### Available records:
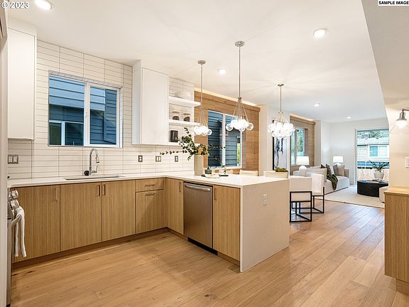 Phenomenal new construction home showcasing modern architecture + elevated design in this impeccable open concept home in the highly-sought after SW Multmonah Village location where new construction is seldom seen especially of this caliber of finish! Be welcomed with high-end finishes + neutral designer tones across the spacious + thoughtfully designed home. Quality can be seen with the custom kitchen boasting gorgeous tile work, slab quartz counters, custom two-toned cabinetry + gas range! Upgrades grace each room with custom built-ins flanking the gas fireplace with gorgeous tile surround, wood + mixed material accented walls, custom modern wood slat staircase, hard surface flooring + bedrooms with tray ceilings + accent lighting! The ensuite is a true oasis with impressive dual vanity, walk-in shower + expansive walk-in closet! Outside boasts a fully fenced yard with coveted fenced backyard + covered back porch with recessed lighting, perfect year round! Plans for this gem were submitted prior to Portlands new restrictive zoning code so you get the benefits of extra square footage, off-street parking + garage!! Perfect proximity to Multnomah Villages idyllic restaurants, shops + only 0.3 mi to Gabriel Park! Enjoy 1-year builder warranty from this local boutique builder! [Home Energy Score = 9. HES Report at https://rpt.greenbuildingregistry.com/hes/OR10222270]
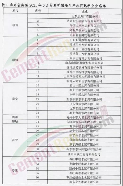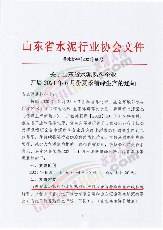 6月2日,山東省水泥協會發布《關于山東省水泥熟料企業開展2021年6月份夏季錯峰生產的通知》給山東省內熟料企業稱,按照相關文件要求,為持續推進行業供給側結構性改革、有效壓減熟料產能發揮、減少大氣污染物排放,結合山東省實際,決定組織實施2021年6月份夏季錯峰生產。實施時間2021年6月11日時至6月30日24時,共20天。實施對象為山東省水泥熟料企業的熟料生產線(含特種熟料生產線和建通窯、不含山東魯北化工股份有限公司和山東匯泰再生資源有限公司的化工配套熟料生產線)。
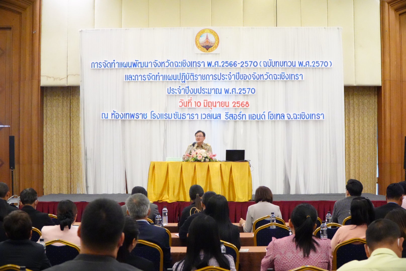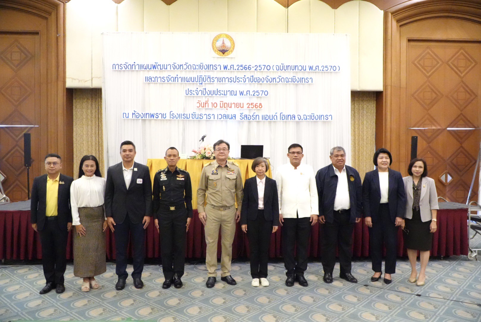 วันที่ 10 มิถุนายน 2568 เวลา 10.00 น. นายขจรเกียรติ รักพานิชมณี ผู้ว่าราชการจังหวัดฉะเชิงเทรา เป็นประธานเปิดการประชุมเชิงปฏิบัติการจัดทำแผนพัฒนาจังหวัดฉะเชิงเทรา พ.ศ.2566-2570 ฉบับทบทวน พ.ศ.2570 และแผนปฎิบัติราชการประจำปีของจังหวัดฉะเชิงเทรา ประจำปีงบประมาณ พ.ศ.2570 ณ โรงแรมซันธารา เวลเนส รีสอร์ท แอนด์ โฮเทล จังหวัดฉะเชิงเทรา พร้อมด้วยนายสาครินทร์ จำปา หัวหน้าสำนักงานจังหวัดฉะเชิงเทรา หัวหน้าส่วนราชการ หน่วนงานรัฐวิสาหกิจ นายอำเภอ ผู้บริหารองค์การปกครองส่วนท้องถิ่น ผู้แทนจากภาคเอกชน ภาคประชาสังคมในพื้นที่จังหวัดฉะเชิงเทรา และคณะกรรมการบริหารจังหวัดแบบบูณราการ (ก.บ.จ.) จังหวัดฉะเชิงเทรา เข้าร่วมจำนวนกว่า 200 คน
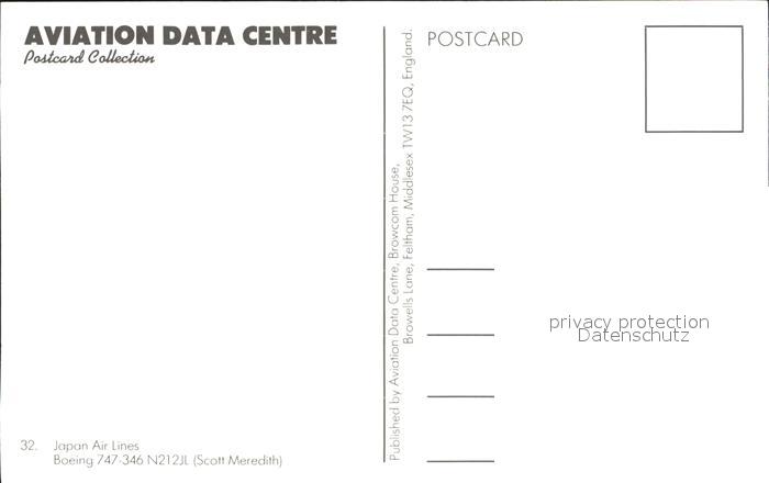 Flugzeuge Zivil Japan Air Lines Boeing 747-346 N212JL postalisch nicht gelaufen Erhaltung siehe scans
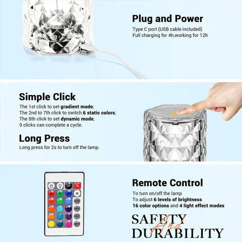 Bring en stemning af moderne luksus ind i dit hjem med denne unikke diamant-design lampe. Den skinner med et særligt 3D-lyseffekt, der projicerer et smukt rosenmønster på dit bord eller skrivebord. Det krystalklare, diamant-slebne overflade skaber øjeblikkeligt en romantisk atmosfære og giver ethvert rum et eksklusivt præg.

### Activity:
Please return, exactly as written, the lines from the first line of the records above through the line containing "วันที่ 10 มิถุนายน", both included, leaving out any pictures.

### Written solution:
 Phenomenal new construction home showcasing modern architecture + elevated design in this impeccable open concept home in the highly-sought after SW Multmonah Village location where new construction is seldom seen especially of this caliber of finish! Be welcomed with high-end finishes + neutral designer tones across the spacious + thoughtfully designed home. Quality can be seen with the custom kitchen boasting gorgeous tile work, slab quartz counters, custom two-toned cabinetry + gas range! Upgrades grace each room with custom built-ins flanking the gas fireplace with gorgeous tile surround, wood + mixed material accented walls, custom modern wood slat staircase, hard surface flooring + bedrooms with tray ceilings + accent lighting! The ensuite is a true oasis with impressive dual vanity, walk-in shower + expansive walk-in closet! Outside boasts a fully fenced yard with coveted fenced backyard + covered back porch with recessed lighting, perfect year round! Plans for this gem were submitted prior to Portlands new restrictive zoning code so you get the benefits of extra square footage, off-street parking + garage!! Perfect proximity to Multnomah Villages idyllic restaurants, shops + only 0.3 mi to Gabriel Park! Enjoy 1-year builder warranty from this local boutique builder! [Home Energy Score = 9. HES Report at https://rpt.greenbuildingregistry.com/hes/OR10222270]
 6月2日,山東省水泥協會發布《關于山東省水泥熟料企業開展2021年6月份夏季錯峰生產的通知》給山東省內熟料企業稱,按照相關文件要求,為持續推進行業供給側結構性改革、有效壓減熟料產能發揮、減少大氣污染物排放,結合山東省實際,決定組織實施2021年6月份夏季錯峰生產。實施時間2021年6月11日時至6月30日24時,共20天。實施對象為山東省水泥熟料企業的熟料生產線(含特種熟料生產線和建通窯、不含山東魯北化工股份有限公司和山東匯泰再生資源有限公司的化工配套熟料生產線)。
 วันที่ 10 มิถุนายน 2568 เวลา 10.00 น. นายขจรเกียรติ รักพานิชมณี ผู้ว่าราชการจังหวัดฉะเชิงเทรา เป็นประธานเปิดการประชุมเชิงปฏิบัติการจัดทำแผนพัฒนาจังหวัดฉะเชิงเทรา พ.ศ.2566-2570 ฉบับทบทวน พ.ศ.2570 และแผนปฎิบัติราชการประจำปีของจังหวัดฉะเชิงเทรา ประจำปีงบประมาณ พ.ศ.2570 ณ โรงแรมซันธารา เวลเนส รีสอร์ท แอนด์ โฮเทล จังหวัดฉะเชิงเทรา พร้อมด้วยนายสาครินทร์ จำปา หัวหน้าสำนักงานจังหวัดฉะเชิงเทรา หัวหน้าส่วนราชการ หน่วนงานรัฐวิสาหกิจ นายอำเภอ ผู้บริหารองค์การปกครองส่วนท้องถิ่น ผู้แทนจากภาคเอกชน ภาคประชาสังคมในพื้นที่จังหวัดฉะเชิงเทรา และคณะกรรมการบริหารจังหวัดแบบบูณราการ (ก.บ.จ.) จังหวัดฉะเชิงเทรา เข้าร่วมจำนวนกว่า 200 คน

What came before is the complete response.